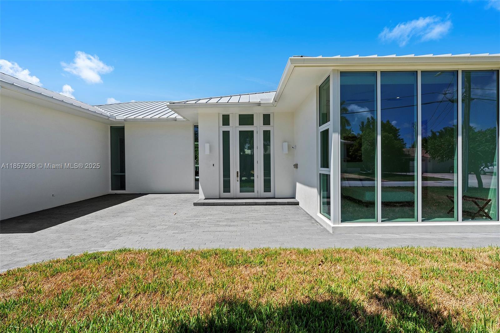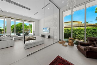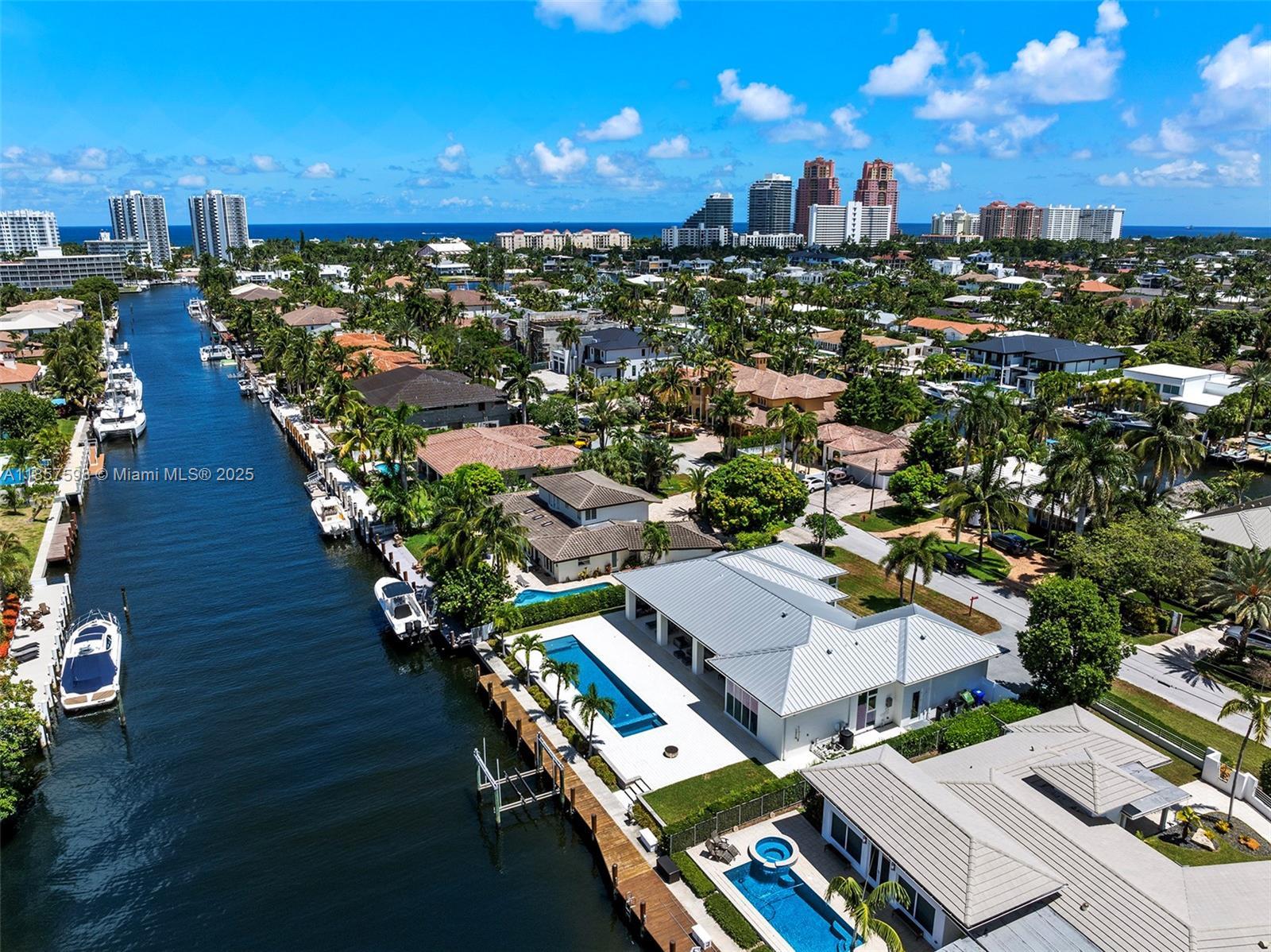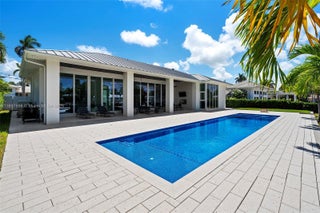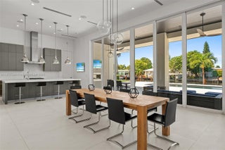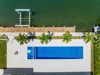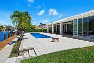 This Coral Ridge residence delivers clean lines, natural light, and a layout designed for impact. Floor-to-ceiling glass walls frame the living spaces, bringing the outdoors in and showcasing 100 feet of prime water frontage. The kitchen anchors the home with bold finishes and a seamless flow into expansive living and dining areas, all under soaring 13-foot ceilings. Every room is curated with purpose, from the serene primary suite to the open entertaining spaces, with an easily convertible room ready to become an additional bedroom if desired. Outside, a private pool is surrounded by mature landscaping, creating a secluded retreat. Super clean and modern in design, this home sits in a quiet location near the water, offering presence without saying a word.
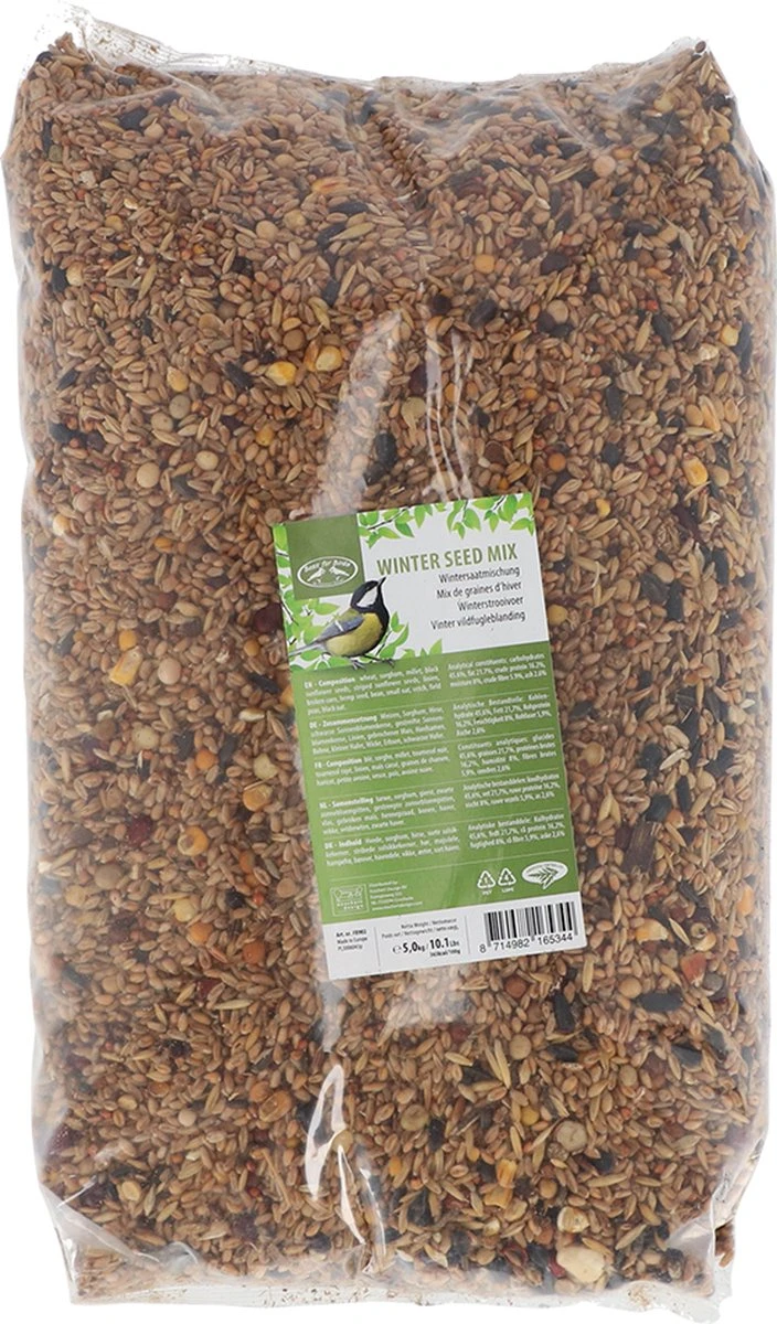Inhoud In de verpakking zit 5 kilogram strooivoer, dat speciaal voor de winter is ontworpen. Het strooivoer is geschikt voor voedertafels, silo’s en kan ook op de grond worden gebruikt. Het vogelvoer bestaat uit tarwe, sorghum, gierst, zwarte zonnebloempitten, gestreepte zonnebloempitten, vlas, gebroken maïs, hennepzaad, bonen, haver, wikke, velderwten en zwarte haver. De zak heeft een afmeting van circa 34 x 26 x 9 centimeter (lxbxh).
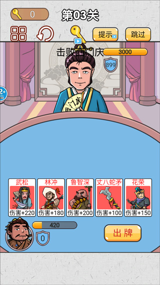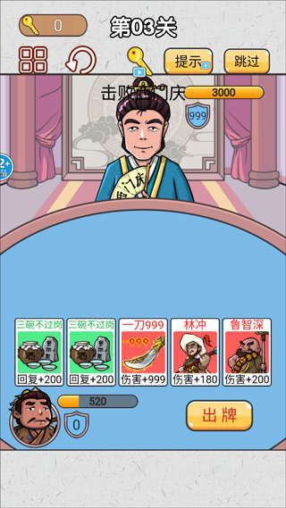 4、不同的卡牌,擁有不同的組合,如鐵戒刀+武松可以合成一刀999
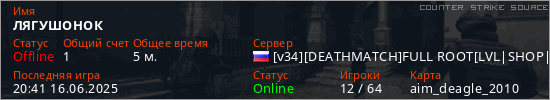 Играет на Counter Strike Source сервере. Страна: РоссияПервый раз замечен 20:33 16.06.2025
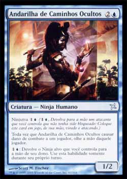 | Nome em Inglês: | Walker of Secret Ways | | Nome em Português: | Andarilha de Caminhos Ocultos | | Custo de Mana: |   | | Tipo: | Criatura - Humano Ninja | | Texto: | Ninjutsu  . Toda vez que Walker of Secret Ways causar dano de combate a um jogador, olhe a mão daquele jogador.
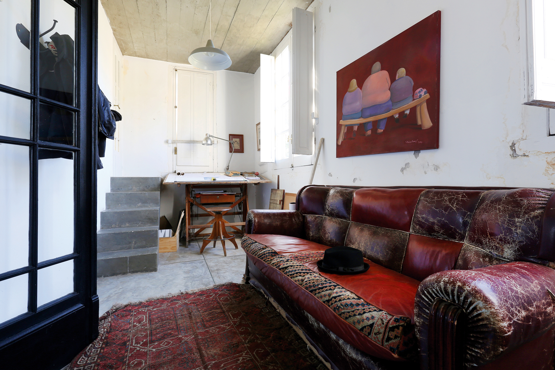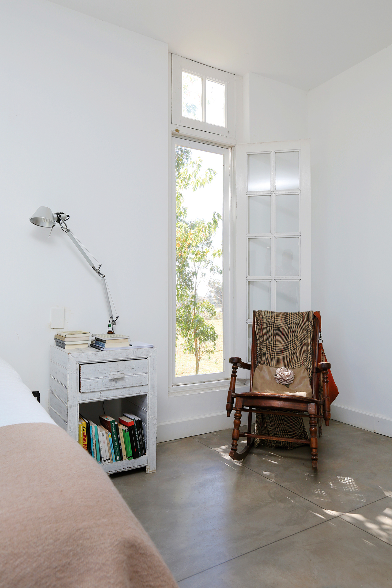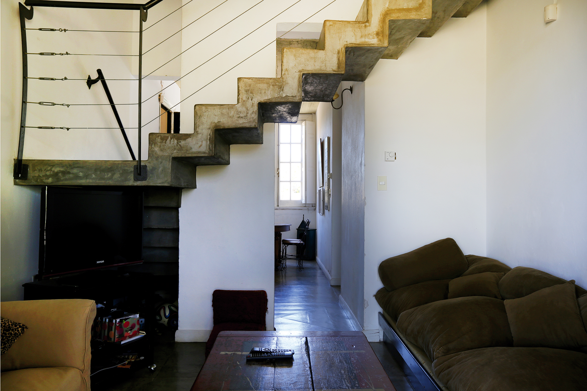 Tanto el arquitecto como su esposa han sido los encargados de realizar la ambientación de los espacios interiores con objetos y muebles de remates, algunos heredados, de demoliciones y otros de su autoría, en fibras naturales, cuero y madera. La decoración complementa las materialidades existentes, pavimentos en cemento lustrado y madera llevada a gris, paredes en colores neutros; confiriéndole a los ambientes amplios y luminosos un toque rústico y cálido.
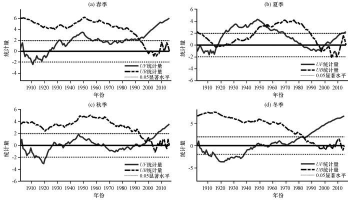 由图5(a)可知, 山西近百年春季均温在20世纪20年代中期之前主要呈现下降趋势, 之后开始回暖。40年代增温明显, 而50~70年代中期气温缓慢下降, 之后又进入缓慢增温期。90年代中期以后, 气温持续快速上升, 处于在116年中最暖期。虽然UF与UB曲线交点对应时刻在1993年, 但由于交点不在临界线之间, 所以需借助滑动t检验方法验证春季暖突变的开始时间, 发现该交叉点通过0.01的信度检验, 说明山西春季季均温在1993年发生暖突变。夏季[图5(b)]UF曲线正负波动变化表明, 山西116年夏季气温呈现升降交替变化。20世纪20年代中期至50年代, 增暖趋势显著; 90年代末气温上升, 但没有出现显著增温现象。从图5(b)中可以看出, UF与UB有三个交叉点, 具体时间分别是1917年、 1954年和1996年, 可以确定1917年是气温突变开始的时间, 但是第二个交叉点不在临界线之间, 第三个交叉点之后UF曲线未明显超过临界线, 气温变化不显著, 所以第二、 三突变点的真伪需要进一步判别, 通过滑动t检验方法进行进一步验证, 发现第二交叉点(1954年)未通过0.01的信度检验、 第三交叉点(1996年)通过0.01的信度检验, 所以在1917年和1996年夏季季均温发生突变。秋季[图5(c)]季均温总体上呈升高趋势, 在21世纪初之前, UF低于0.05显著水平, 气温上升趋向不明显, 之后, UF位于临界线之外, 气温上升趋向明显, 在2001年出现暖突变。冬季[图5(d)]气温变化趋势有明显的下降和上升的两个阶段: 20世纪40年代以前, 气温下降趋势显著; 20世纪90年代以后, 增温现象显著, UF和UB有一个交点在临界线范围之内, 冬季气温暖突变开始的时间是1984年。
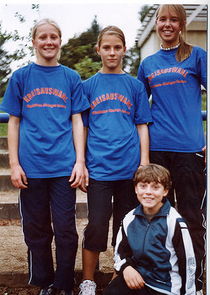 ![]() v.l. Julia Glock, Yvonne Kraft, Julia Kiss, vorn Leon Bixenmann | Die Bilder können durch Anklicken vergrößert werden | ![]() Kreis Mehrkampfmeisterschaft 2005 in Geisenheim |
——————————
PROBLEM - Starting with the line that has "4、不同的卡牌,擁有不同的組合,如鐵戒刀+武松可以合成一刀999" and going on through the line that has "mão daquele jogador.", transcribe the records above exactly, but skip the pictures.

OUTPUT OF THE TASK -
 4、不同的卡牌,擁有不同的組合,如鐵戒刀+武松可以合成一刀999
 Играет на Counter Strike Source сервере. Страна: РоссияПервый раз замечен 20:33 16.06.2025
 | Nome em Inglês: | Walker of Secret Ways | | Nome em Português: | Andarilha de Caminhos Ocultos | | Custo de Mana: |   | | Tipo: | Criatura - Humano Ninja | | Texto: | Ninjutsu  . Toda vez que Walker of Secret Ways causar dano de combate a um jogador, olhe a mão daquele jogador.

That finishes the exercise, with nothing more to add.